As to teaching children better about right and wrong, I totally agree. However, I don't see this as germane to the point of Proposition 2. I think I know how you want to make that point, but you have failed to do so. I suspect it runs along the lines that we must identify the sinners and publicly mark them as unacceptable, and penalize them with the laws of the state. If so, shall we also apply that to other sins as you see them? Should adulterers be marked with the letter A and be forbidden parenting rights? Should ungrateful children be denied medical care so that their years will not be long? Should those who do not keep the sabbath holy be stoned? Sin is a matter best judged and punished by God, not the state. Churches, at best, can teach us and guide us.
Besides, if it's so important that we spend more time teaching our children the difference between right and wrong (as well as reading and writing), shouldn't we spend a little less time on redundant amendments to the State Constitution?
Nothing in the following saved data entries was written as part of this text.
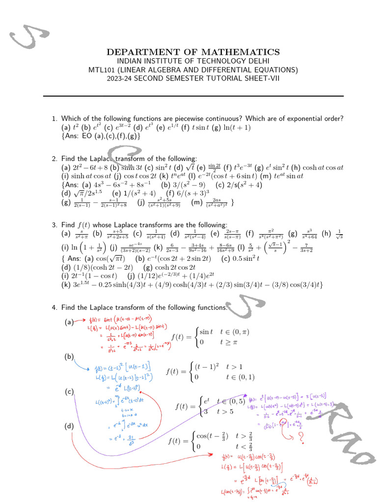 2023-24 SECOND SEMESTER TUTORIAL SHEET-VII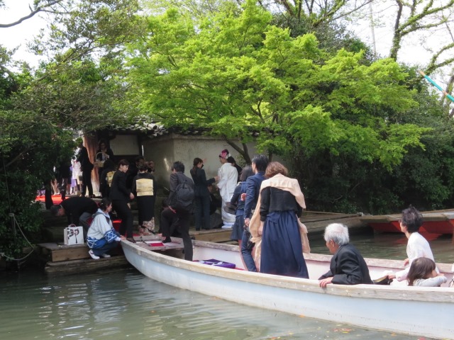 それは、三柱神社の赤い欄干橋のたもとの 「松月乗船場」 からの船出。
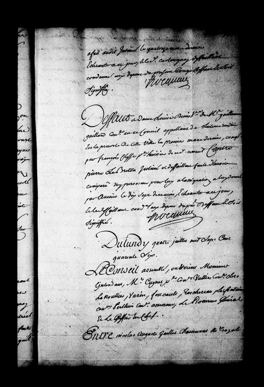 Arrêt qui accorde défaut à Louise Denys, veuve de Guillaume Gaillard, conseiller en ce Conseil, appelante de la sentence rendue en la Prévôté de Québec, le 1er mars 1746, contre Pierre Le Breton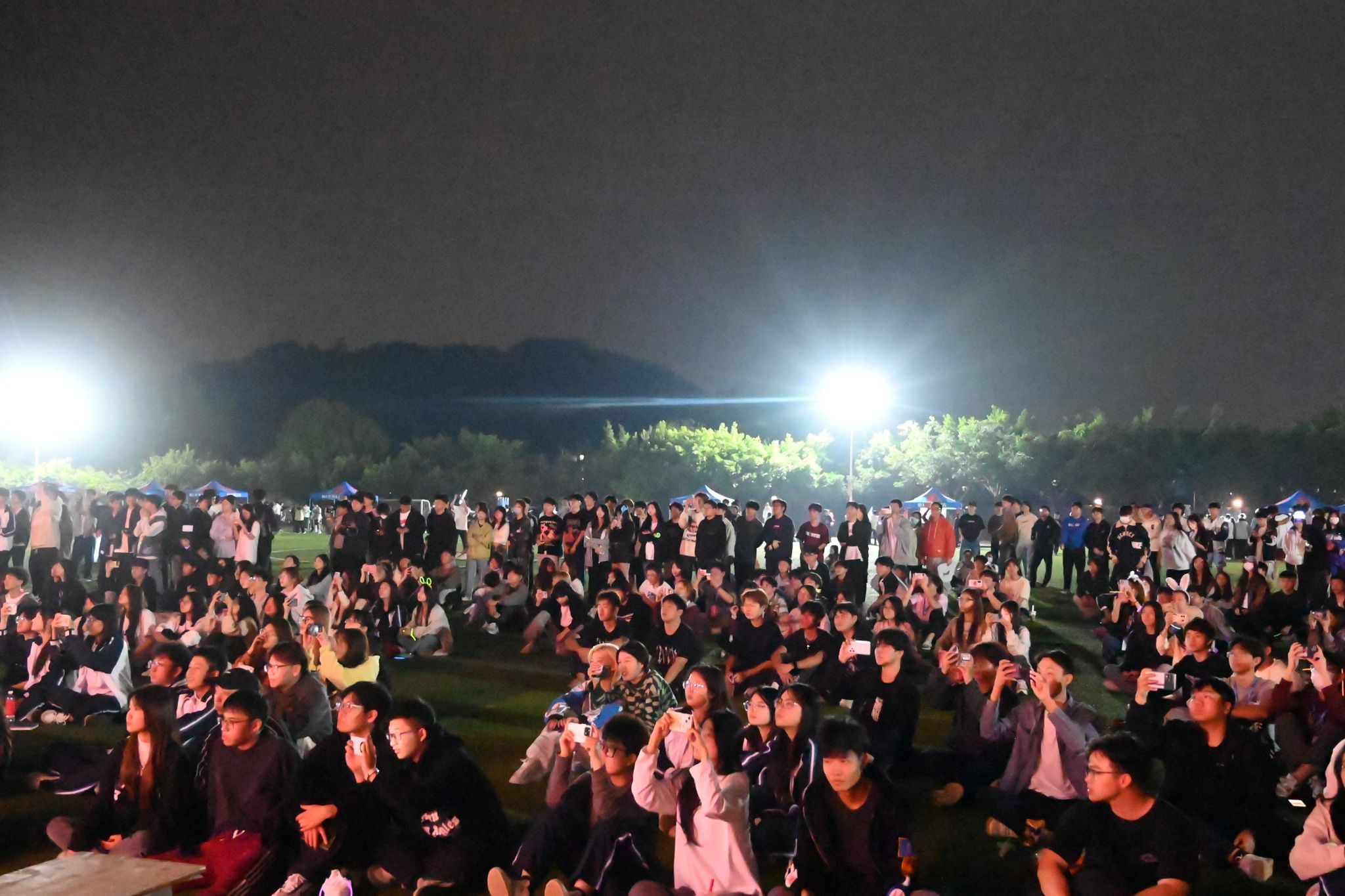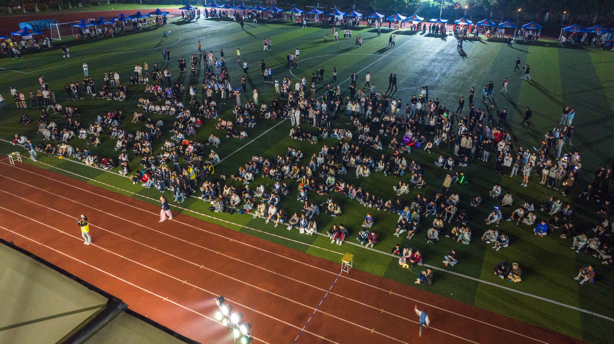 夜幕降臨,華燈初上,城建師生們身披熒光環(huán)、頭飾等配飾,走出宿舍、走下網(wǎng)絡(luò)、走向操場(chǎng)。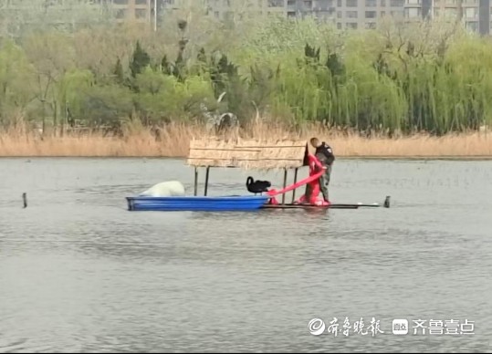 这两只黑天鹅宝宝浑身披着一层细腻的灰色绒毛,模样娇小可爱,正依偎在父母身旁,为春日的公园增添了无限生机与活力。为了确保此次黑天鹅的繁育成功,德州市城市管理局长河公园办公室提前制定了专项管护方案,全面保障孵化过程的顺利进行。公园特别组建了一支监护小队,队员们在队长的带领下,不仅承担起日常投喂与环境保障工作,还定期为黑天鹅夫妇补充营养丰富的水草和谷物,确保它们的体能充沛,孵化过程稳定。同时,工作人员还加强了湖区巡查,优化水质环境,清理栖息区域杂物,为黑天鹅营造了安全、舒适、适宜的繁育环境。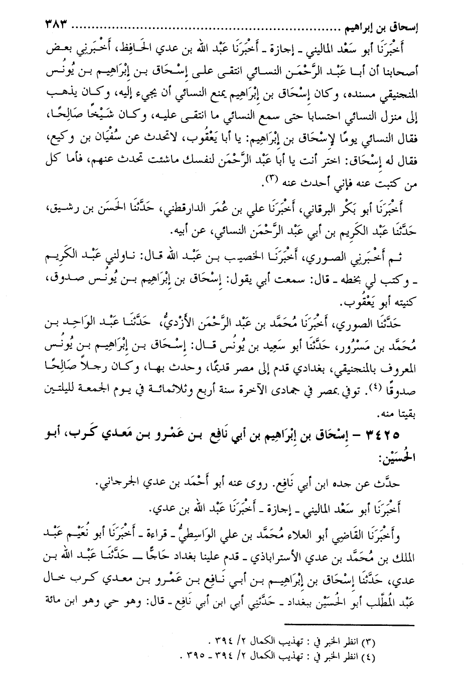 3425- إسحاق بن إبراهيم بن أبي نافع بن عمرو بن معدي كرب، أبو الحسين: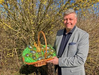 Bürgermeister andreas Burger versteckt die 14 goldenen Ostereier in den Ortschaften der Hohen Börde persönlich. Die Finder erhalten einen Überraschungspreis.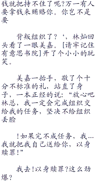 “什么任务?只要是林总交代的任务,我一定会完成!并且完美的完成!‘,美嘉立马开口保证了,也不关心是什么任务。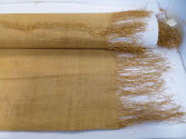 DescriptionGrasses woven on looms. Natural color. Five sections tied with grass to form long piece. Fringe left at both sides.On View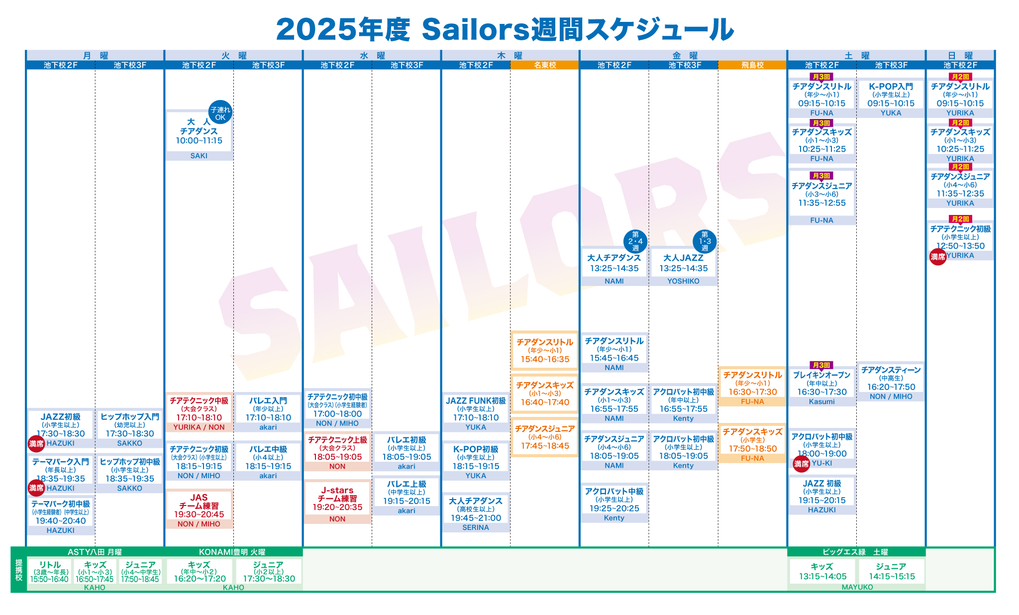 3歳から高校生を対象としたクラスのインストラクターをしている。セイラーズでは大人クラスを担当。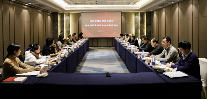 研学分会会长冯维国主持茶话会,并向与会嘉宾介绍了研学和红色旅游分会2021年工作总结2022年工作计划。他从分会建设和活动组织两个方面介绍分会2021年主要工作;2022年,分会将重点举办山东省研学旅行研讨会、山东省精品研学旅游线路资源对接交流会,开展齐鲁精品研学线路体验活动,搭建研学大赛官方服务平台,高质量筹备举办第三届山东省研学旅行创新线路设计大赛。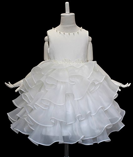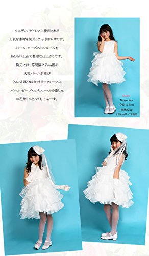 ドリーム企画 子供ドレス 発表会d-0056 ラセン状シフォン ホワイトドレス パニエ内蔵 (表示サイズ100cm 参考サイズ80-90cm 胸囲54cm 胴囲52cm 総丈50cm)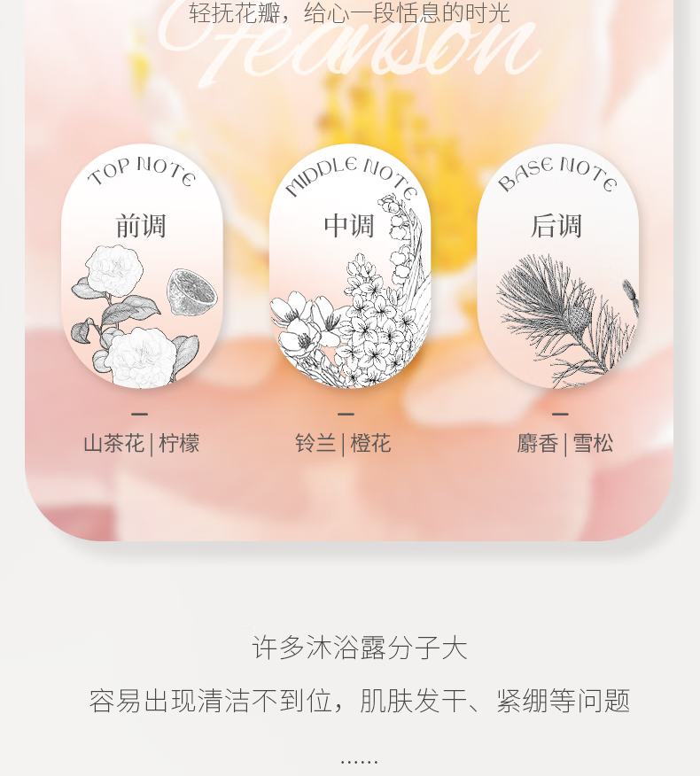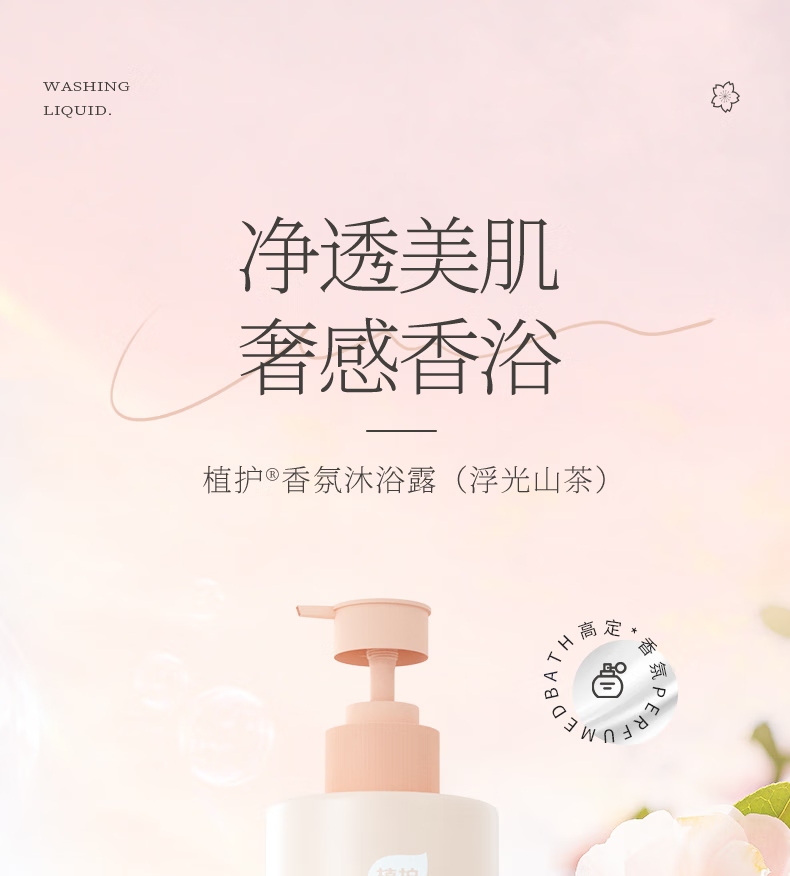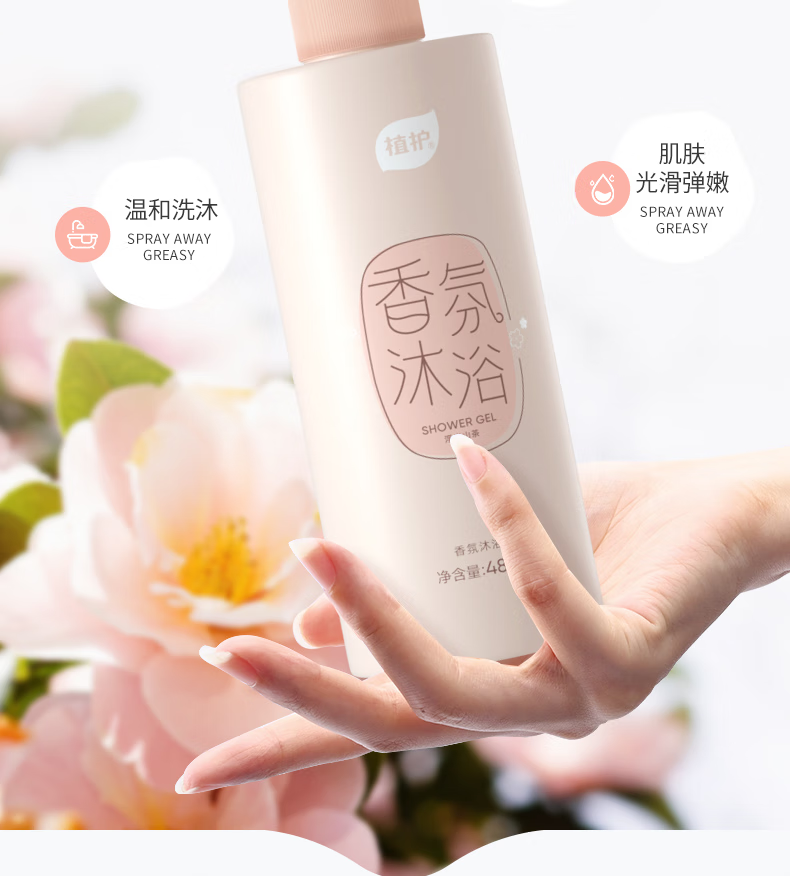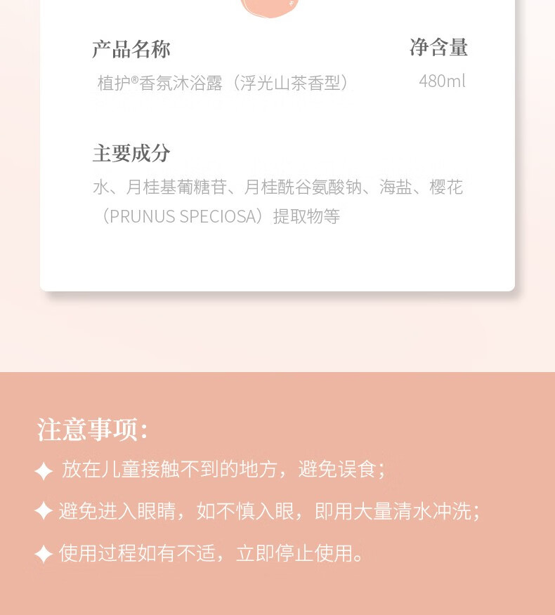 植护香氛沐浴露持久留香72小时男女深层清洁温和乳液 山茶花沐浴露480ml*1瓶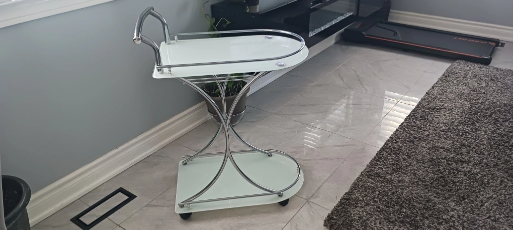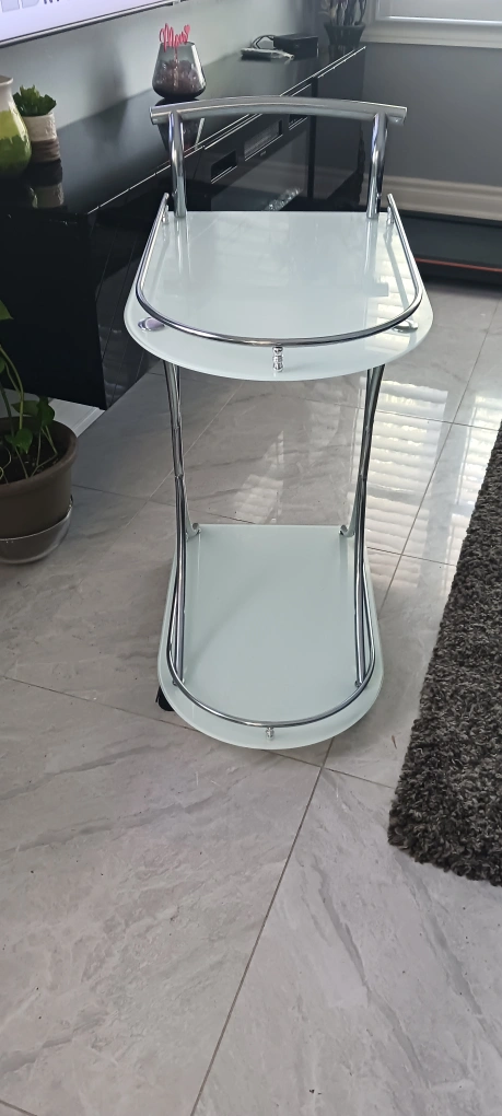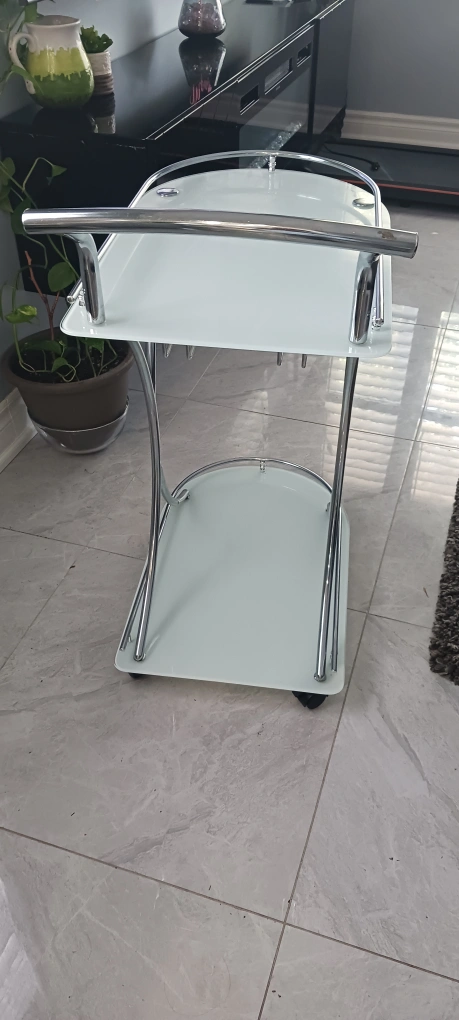 Selling a stylish serving cart with a glass top and chrome frame! It's perfect for serving drinks or snacks, or as a decorative piece in your living room or dining area. It's in great condition and ready for a new home

I seem to remember that while this managed to pass our legislature, a variety of school reforms did not.
Posted by: Dan at October 26, 2005 11:13 PM
BTW, I should say that I expect the proposition to pass by a modest margin. I could be surprised, but I do expect it to pass.
Aside from the courts, I suspect we're ten to twenty years away from a real populist victory on this matter. But I do firmly believe this is a generational issue, and its time will come.
(And when I'm sixty, I'll be railing against some crazy perversion those young hooligans are forcing on society.)